Caitlynn Mitchell arrived at the Fine Arts Building three hours early to start applying her makeup for the 2 p.m. show.

“I started working on my character right after Halloween. My fiancé upset me so I decided to make my character eat him,” Mitchell said.

The class was tasked with not only creating a unique makeup design but also creating a full character with back-story and costume, said Shara Haghjoo, associate professor of drama.

The class got off to a rocky start after Hurricane Harvey put everyone almost a month behind schedule.

“This class was able to complete all the assignments and everyone is on time. We didn’t cut anything out of the core syllabus,” Haghjoo said.

Haghjoo said there are about seven application techniques that must be learned before the students can complete the final project. One of those techniques is using the airbrush.

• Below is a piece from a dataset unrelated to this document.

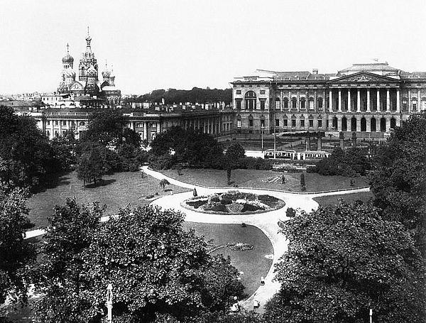 После сильного пожара 1910 года дом № 13 по Итальянской улице был передан в городскую казну. По проекту инженеров И. Балбашевского и А. Максимова внутренние помещения были перестроены для театральных представлений. В 1911 году здесь группой разбогатевших официантов открывается театр «Палас»[16]. 27 июня 1914 года с запада от Михайловского дворца состоялась закладка Дворца выставок по проекту архитекторов Л. Н. Бенуа и С. О. Овсянникова, в дальнейшем соединённого с Михайловским дворцом переходом. Но из-за начавшейся войны работы были приостановлены, строительство закончилось только в 1919 году[17][18].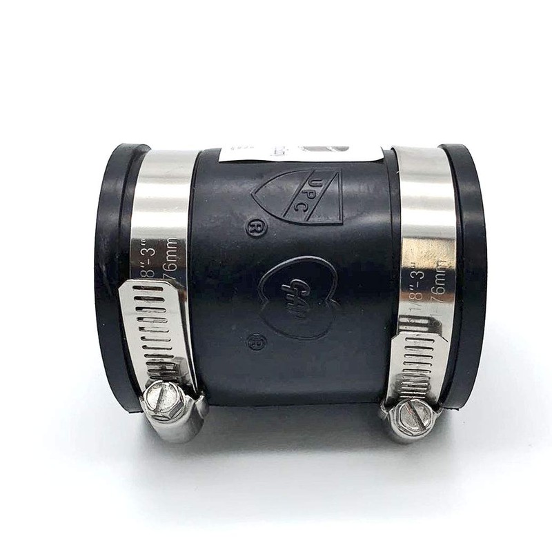 This Rubber Flex Coupling has the right solution for most applications. Made of tough elastomeric polyvinyl chloride (PVC), the flexible couplings are strong, resilient and unaffected by soil conditions. They are also resistant to chemicals, ultraviolet rays, fungus growth, and normal sewer gases due to the inert nature and physical properties of the PVC material.This flexible couplings are leak-proof, rot-proof and seal against infiltration and exfiltration, giving you confidence in your pipe connections. FEATURES: \- Rubber flex coupling that connects virtually any pipe material \- Stainless steel clamps \- Leak proof sealed flexible connectors SPECIFICATIONS: \- Double fitting size: 2” x 2” \- Conforms to ASTM C1173, CSA B602, Certified and UPC Approved, Rated for underground use

“We are now equipped with a full airbrush studio, that’s really important. It’s the standard now because of HD and 4K,” Haghjoo said.

Danielle Garza knew exactly what her character would look like when the assignment was first discussed.

“I already knew, I sat down and drew it out,” she said. “I was going for a mixture of elegance and sci-fi horror.

Garza said her “scales” were premade out of a mixture of glycerin, gelatin and water.

“I made the prosthetics over a period of three days. I made all the scales individually then put them all together,” Garza said.

Garza said she spent about an hour applying her prosthetic pieces before the show.

“The more you make beforehand the more time you save the day of,” Garza said.

Garza and Mitchell, along with several other students, had prosthetics applied directly to their eyebrows.

“The real fun starts when they get home and try to take those off without ‘waxing’ their eyebrows off,” Haghjoo said.

Mitchell explained there was a careful process that she and Garza would go through together, helping to ensure they’d both still be sporting brows.

“We have this stuff called Bond Off. Basically you shove a Q-tip under there and let it sit. Your partner has to make sure it’s ready to come so you don’t wax yourself accidently,” Mitchell said.

Eyebrows or not, Haghjoo says she’s thrilled with the final products, especially after the tumultuous start.

“I’m so proud of them. They’ve worked really hard,” Haghjoo said.